→ **Problem to work on**
Within the entries below, please return exactly the lines from the one with "spf60. 30g x 1" through the one with "Immagini Stock Alfabeto", leaving out any pictures.

→ **Data records**
------------

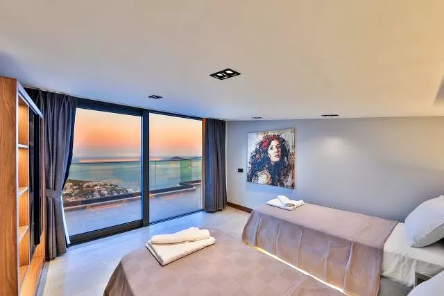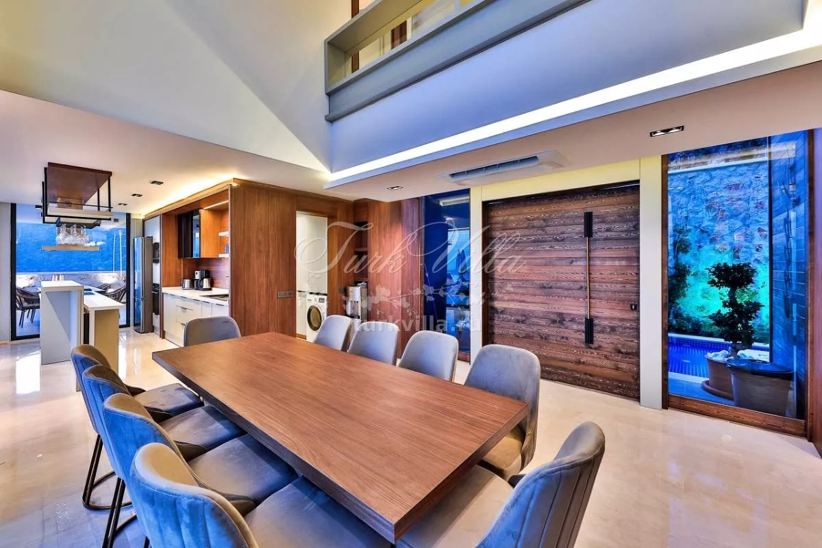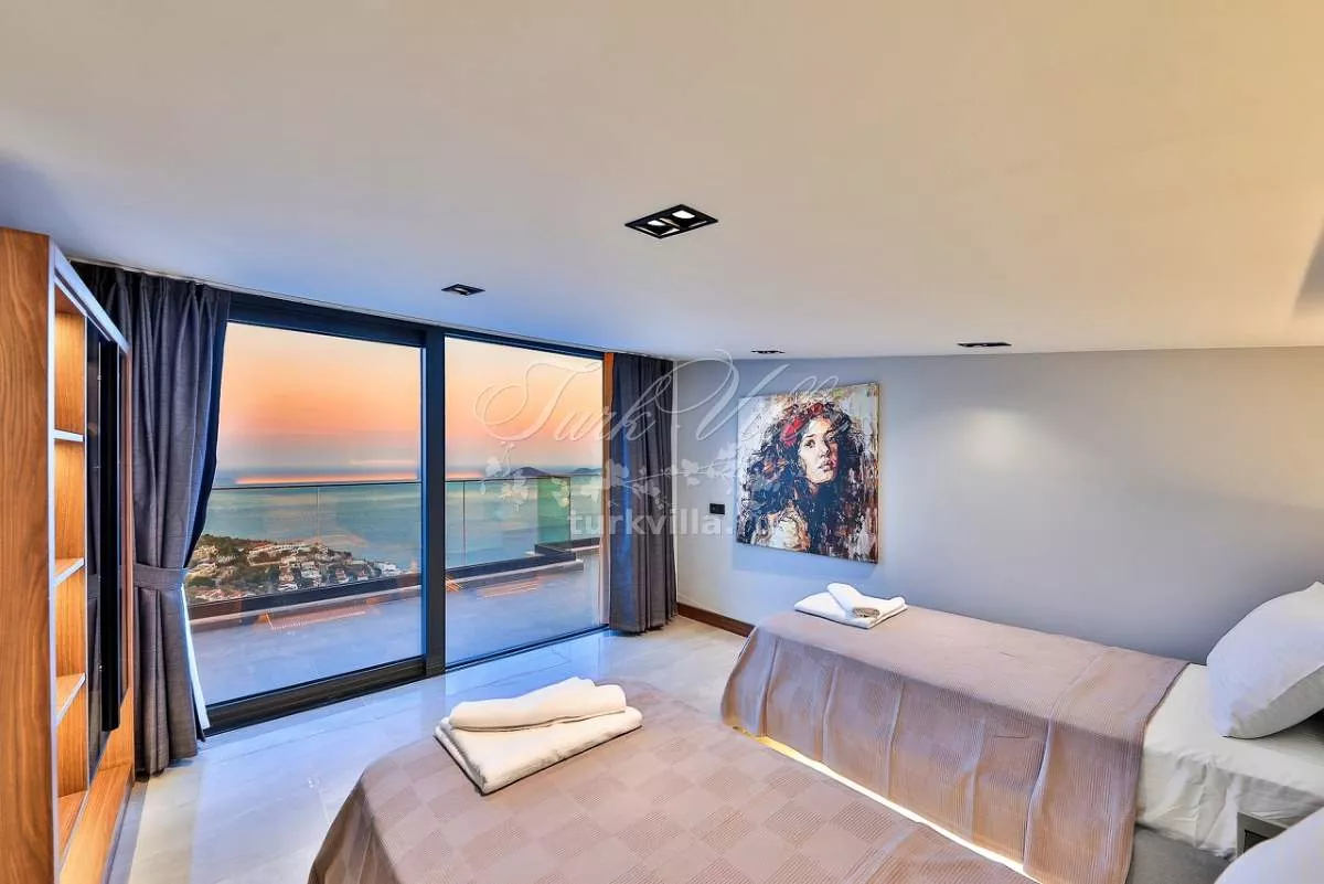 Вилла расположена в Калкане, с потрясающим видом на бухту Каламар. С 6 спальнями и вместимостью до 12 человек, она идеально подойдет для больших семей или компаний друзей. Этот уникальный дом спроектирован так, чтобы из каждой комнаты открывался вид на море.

------------

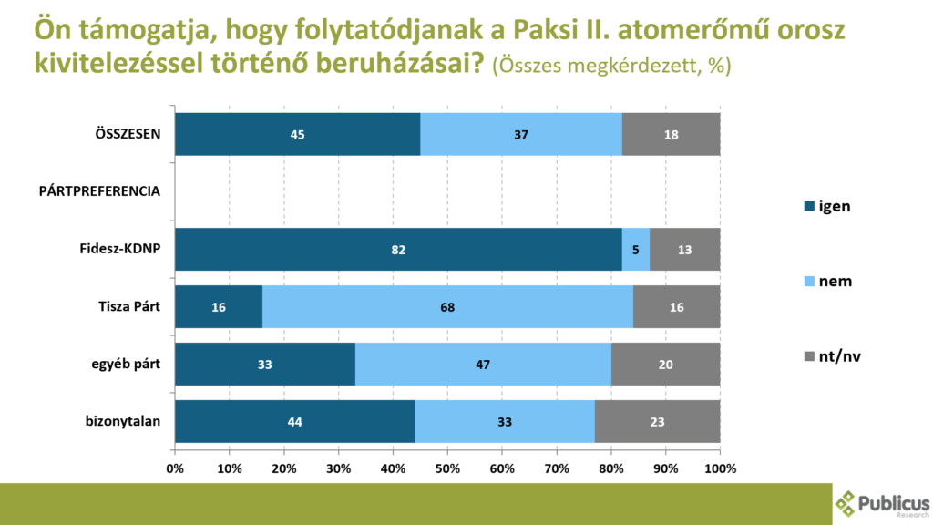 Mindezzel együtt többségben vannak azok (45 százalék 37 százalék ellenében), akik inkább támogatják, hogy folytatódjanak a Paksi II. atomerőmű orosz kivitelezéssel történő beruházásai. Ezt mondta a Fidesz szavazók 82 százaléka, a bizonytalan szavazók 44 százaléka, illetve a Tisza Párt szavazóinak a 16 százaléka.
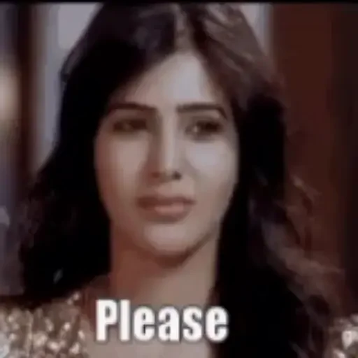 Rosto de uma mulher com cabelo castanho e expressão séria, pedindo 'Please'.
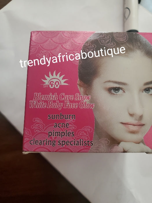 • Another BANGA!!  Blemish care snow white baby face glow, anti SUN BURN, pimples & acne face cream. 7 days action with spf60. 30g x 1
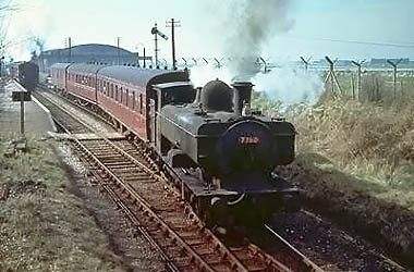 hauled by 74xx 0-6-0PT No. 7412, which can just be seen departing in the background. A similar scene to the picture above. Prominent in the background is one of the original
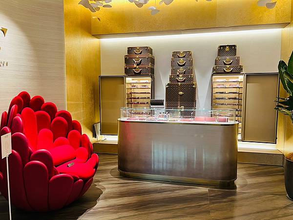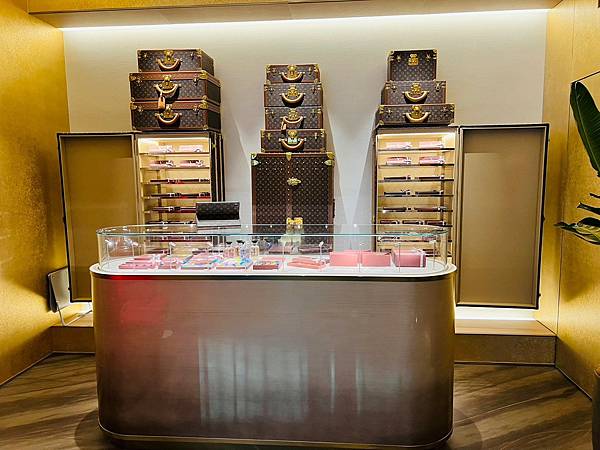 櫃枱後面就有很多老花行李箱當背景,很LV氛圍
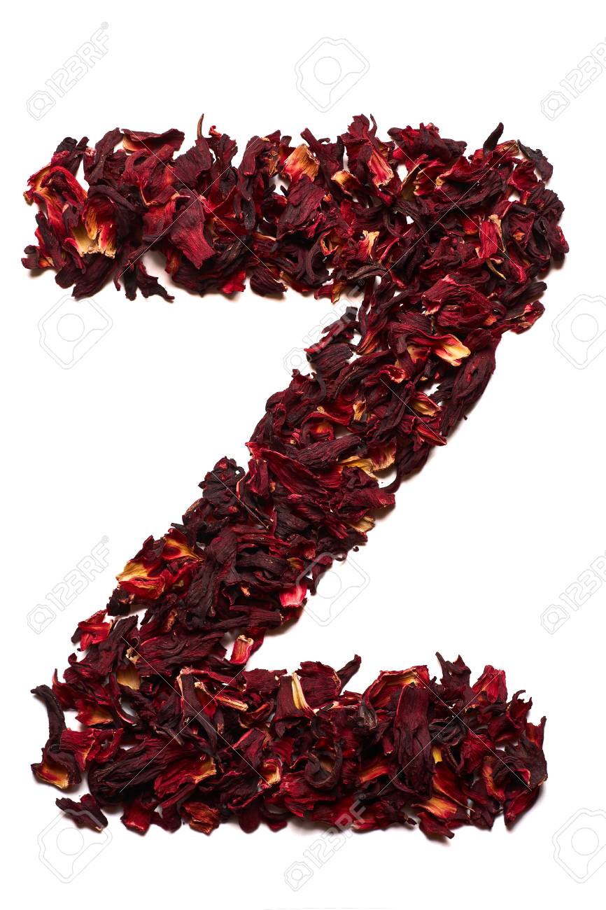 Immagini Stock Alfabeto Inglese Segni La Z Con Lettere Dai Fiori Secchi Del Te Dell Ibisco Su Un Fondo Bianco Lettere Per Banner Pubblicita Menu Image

------------

→ **Answer below**
 • Another BANGA!!  Blemish care snow white baby face glow, anti SUN BURN, pimples & acne face cream. 7 days action with spf60. 30g x 1
 hauled by 74xx 0-6-0PT No. 7412, which can just be seen departing in the background. A similar scene to the picture above. Prominent in the background is one of the original
 櫃枱後面就有很多老花行李箱當背景,很LV氛圍
 Immagini Stock Alfabeto Inglese Segni La Z Con Lettere Dai Fiori Secchi Del Te Dell Ibisco Su Un Fondo Bianco Lettere Per Banner Pubblicita Menu Image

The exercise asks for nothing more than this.